Thursday, February 28, 2008


I'm on a roll this morning...I actually have a ton of work to do, but I keep running into interesting bullshit stories. So really quick, Hockey Drunk did a run down of all the teams in the league if the league was a high school (and we all know that the NHL is Special Ed...and the biggest retard is the principal):

  • Buffalo would be the kid who never can afford to go anywhere or do anything.
  • Carolina would be the farmer kid with a mullet.
  • Pittsburgh would be the crybaby tattle tail.
  • New Jersey would be the really boring kid.
  • Montreal would be the kid who wants to trade you his apple for your Subway sandwich.
You can read them all over at Hockey Drunk; they are humorous at the very least.


Jeff K said...

Those are great. My favorites:

* Detroit would be the foreign exchange student.
* Philadelphia would be the kid who’s always suspended.
* Ottawa would be the kid that breezes through the school year and then blows the final exams.
* Toronto would be the girl with major issues.
* Washington would be the class clown. Entertaining, but ends up going nowhere.

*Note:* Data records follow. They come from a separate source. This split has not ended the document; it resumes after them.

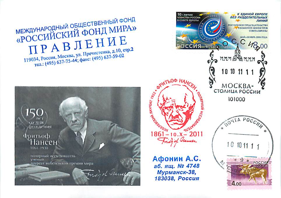 Россия 2011. 150 лет со дня рождения полярного исследователя, лауреата нобелевской премии Ф.Нансена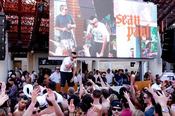 Hitting one pool wasn’t enough so Sean Paul made a stop by Marquee Dayclub at the Cosmopolitan of Las Vegas in the late afternoon and after Avicii’s set he hopped on the mic there, surprising the packed dayclub with two songs and telling everyone to come to his party at Tao Saturday night.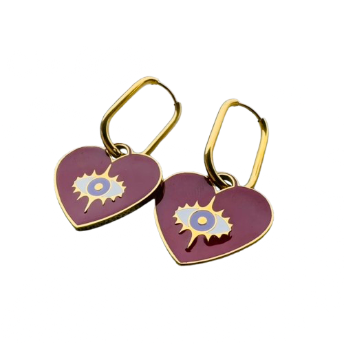Ce modèle exclusif illustré pour la créatrice, posé sur un cœur émaillé à la main, le tout suspendu à une créole ovale dorée.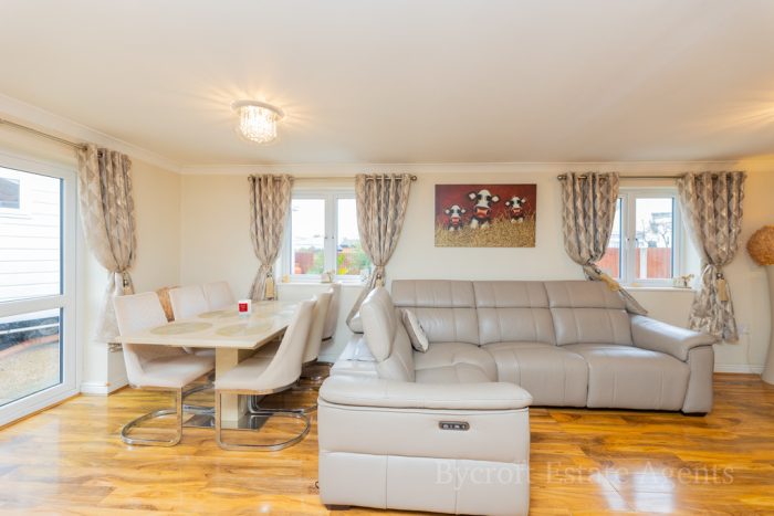 Lounge and Dining Area - 15'2" max x 12'8" max with UPVC double-glazed window to front and both side aspect.

Funny stuff. Though I like how everyone says "New Jersey is boring". I'm guessing those same people would say "Washington is exciting! They have Ovechkin!" If they're so exciting, how come they only have 10 more goals this season? They should have 100 more! Basically, they're exciting when Ovey's on the ice, and the rest of the time they're worse than beer league hockey. Oh, and guess what? The Ducks and the Sharks also have less goals. And if you truly want boring, try sitting through a Minnesota or Vancouver game. Egads.

All I'm saying is come up with a new Devils joke instead of using the same one from 1995. Or at least watch the team play instead of just reading about it on the interwebs and basing your judgment on YouTube highlight videos.

Kris said...

Most are very good, but I do have a problem with "New York Rangers would be the rich kid."

That's just too simple. My submission:

*The New York Rangers would be the rich kid who dresses in Dior and Armani, but ends up spilling milk on themselves by lunchtime.